Chelating agents (ligands) are molecules which possess at least two electron donating groups that are capable of forming a ring structure with metal ions. The normal donor atons are oxygen, nitrogen and sulfur. Of particular interest are the chelating agents that may be present in the digesta of the intestine, including amino acids (glycine, cystine, cysteine, and histidine), peptides, proteins, heterocyclic compounds such as ethylene-diaminetetraacetic acid (EDTA), and organic acids (oxalic acid, formic acid, citric acid, acetic acid and especially phytic acid). Natural feeds that have strong chelating properties include dry malt residues and molasses. Binding of minerals to chelating agents does not always increase the biological availability, and in the case of phytic acid, dramatically decreases biological availability of zinc.
Chelate means “to claw or to form a claw”. Chelation is a chemical reaction that forms a ring structure, often with the metal being incorporated as part of a 5 or 6 membered ring structure. It may be defined as an equilibrium reaction between a metal ion and a complexing agent. Chelation involves at least two electrons or electron donating groups, normally involving oxygen, nitrogen and sulfur. This reaction results in a coordinate covalent bond and completion of the electron shell of the central ion.
Ionophores are compounds that facilitate the transport of ions across natural and artificial membranes. They usually find use in mechanisms for transport in biological systems.
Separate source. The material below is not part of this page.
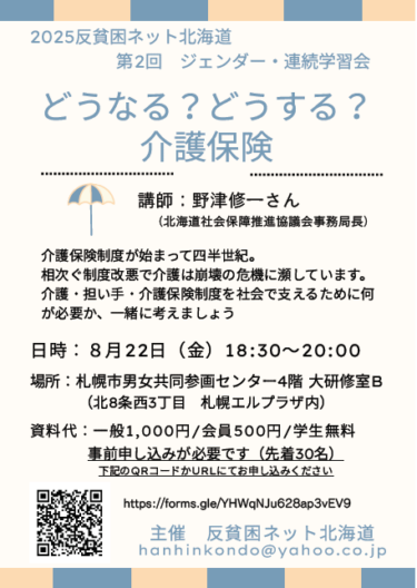 2009年に設立された反貧困ネット北海道では、生活相談や貧困問題に関する学習・啓発など様々な活動に取り組んできました。2020年は新型コロナウイルスの感染で活動が制約される中、反貧困ネット北海道を構成する諸団体(運営会員)が、それぞれの現場でどのような事態に直面しているのか、またそうした中でどのような活動に取り組んでおられるのか、共有することを目的に、連続学習会をオンラインで、6回にわたって開催してきました。事務局の責任でまとめた全記録は、反貧困ネット北海道のウェブサイトで読むことができます。

The most common examples of ionophores are Rumensin and Bovatec.
AAFCO (American Association of Feed Control Officials) DEFINITION:
Organic Minerals - METAL PROTEINATE is the product resulting from the chelation of a soluble salt with amino acids and/or partially hydrolyzed protein. It must be declared as an ingredient as the specific metal proteinate: i.e. Copper Proteinate, Zinc Proteinate, Magnesium Proteinate, Iron Proteinate, Cobalt Proteinate, Manganese Proteinate or Calcium Proteinate. (Proposed 1967, Adopted 1970, Amended 1977, Amended 1987.)